In neighboring Pakistan a new government is weak and unstable. The tribal areas are largely in revolt, and there is now a Pakistani Taliban operating alongside the Afghan version. Osama bin Laden, whose death or capture was the objective of the invasion of Afghanistan in the first place, is still around, and attempts to assassinate him using drones have mostly killed civilians, leading most Pakistanis to regard the United States as public enemy number one. Al-Qaeda operates both in Afghanistan and Pakistan. There are reports that the Pakistanis have dispersed their nuclear weapons to keep the United States from trying to neutralize them in a crisis, meaning that the nukes might well be up for grabs if the country implodes.

Another zero, for both Pakistan and Afghanistan. The United States has gained absolutely nothing, and both countries are much more unstable and dangerous than they were in 2001.
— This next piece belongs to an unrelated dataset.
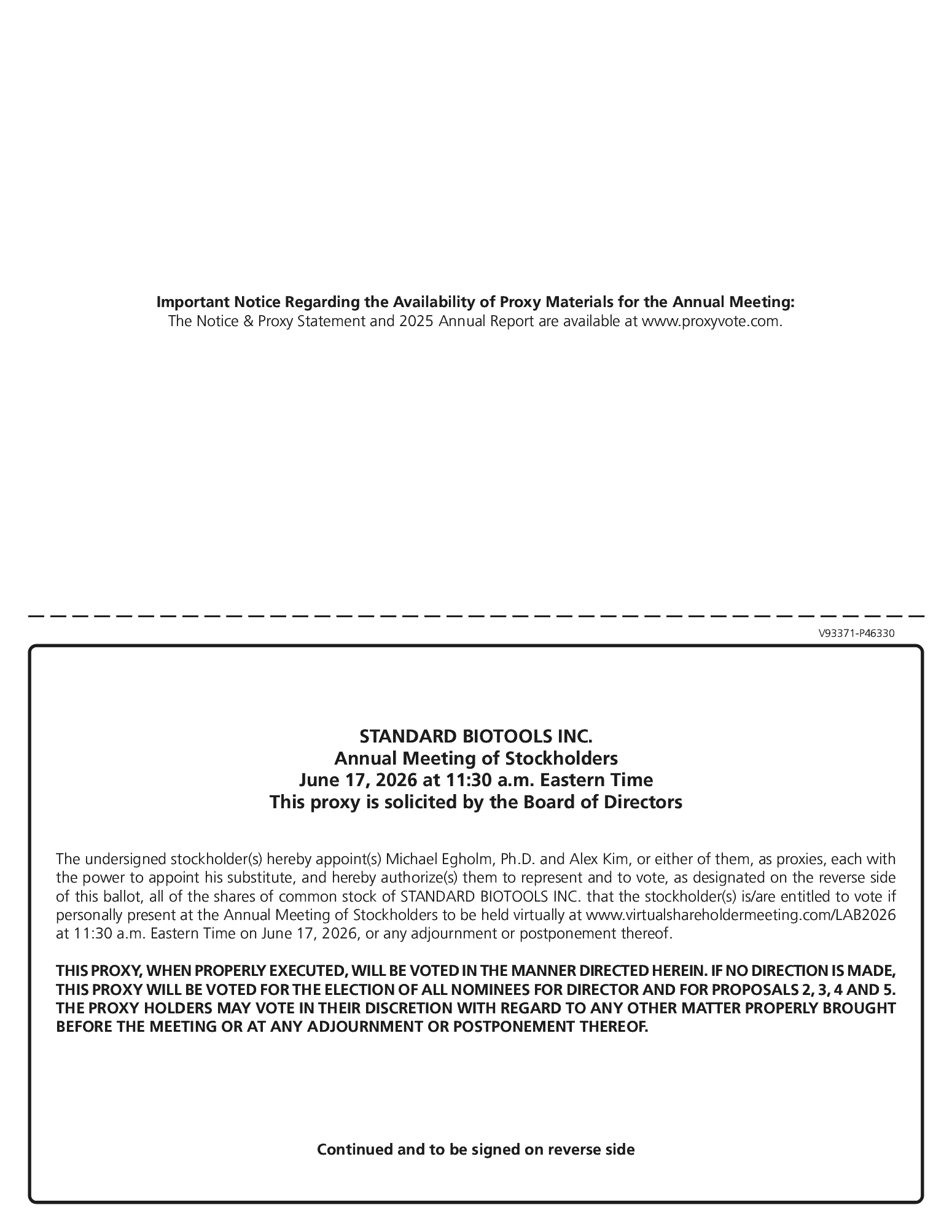 Standard BioTools Inc. | 2 | 2026 Proxy Statement | ||||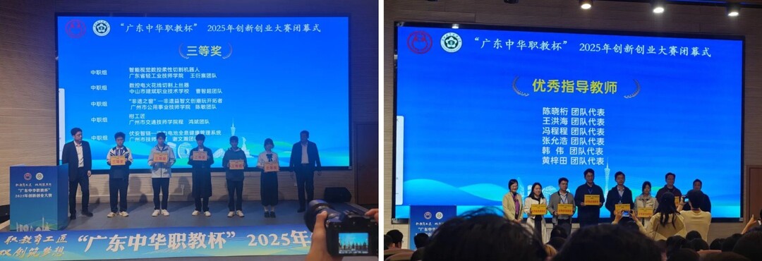 11月22日,由中共广东省委统战部、省教育厅、省人社厅指导,广东中华职业教育社主办的“广东中华职教杯”2025年创新创业大赛现场总决赛在广州圆满落幕。广州市交通技师学院师生凭借精准对接产业需求的高质量创新创业孵化项目,在决赛中表现优异,从全省70所院校的143个参赛项目中脱颖而出,共斩获中职组一等奖1项、三等奖1项,并荣获优秀指导教师团队奖,充分展现了学院在“以赛促教、以赛促创”方面取得的丰硕成果。

As for the so-called Global War on Terrorism, the only terrorist groups that have an international reach are the so-called Salafists, including al-Qaeda. In 2001, al-Qaeda was in Afghanistan with numerous supporters in other countries, mostly in the Middle East. Today, al-Qaeda’s core group is in both Pakistan and Afghanistan, it continues to have supporters worldwide, and it has expanded into Iraq, North Africa, Bosnia, Kosovo, the Palestinian territories, and Lebanon. It has been involved in major terrorist attacks in Madrid and London. U.S. military and intelligence chiefs describe it as a major threat and have recently indicated that it has not sustained serious damage over the past few years in spite of losses sustained because it has successfully replaced its leaders and has adjusted tactically to deal with new threats. Though often described as having a “medieval” mindset, it has employed technology better than the Bush administration and has been successfully propagandizing and communicating on the Internet. Other groups that the U.S. defines as terrorists are also doing well. Hezbollah won a war against Israel and is now part of the Lebanese government. Hamas won an election in Palestine and is now in charge of Gaza.

Another zero.

One might also add that the piecemeal destruction of the U.S. Constitution through PATRIOT Acts I & II and the Military Commissions Act has been another massive failure. Not one actual terrorist who was in place and capable of carrying out a terrorist act has been detained as a result of the liberties granted to law enforcement to violate the privacy and rights of U.S. citizens. Unlike the outrageous foreign policy blunders of the past seven years, which are largely attributable to the Bush administration, the rape of the Constitution has been bipartisan, with Democrats and Republicans alike uniting to make the U.S. a safer place by dismantling the Bill of Rights. That should rate another zero.

Author: Philip Giraldi

Philip Giraldi, a former CIA officer, is a contributing editor to The American Conservative and executive director of the Council for the National Interest.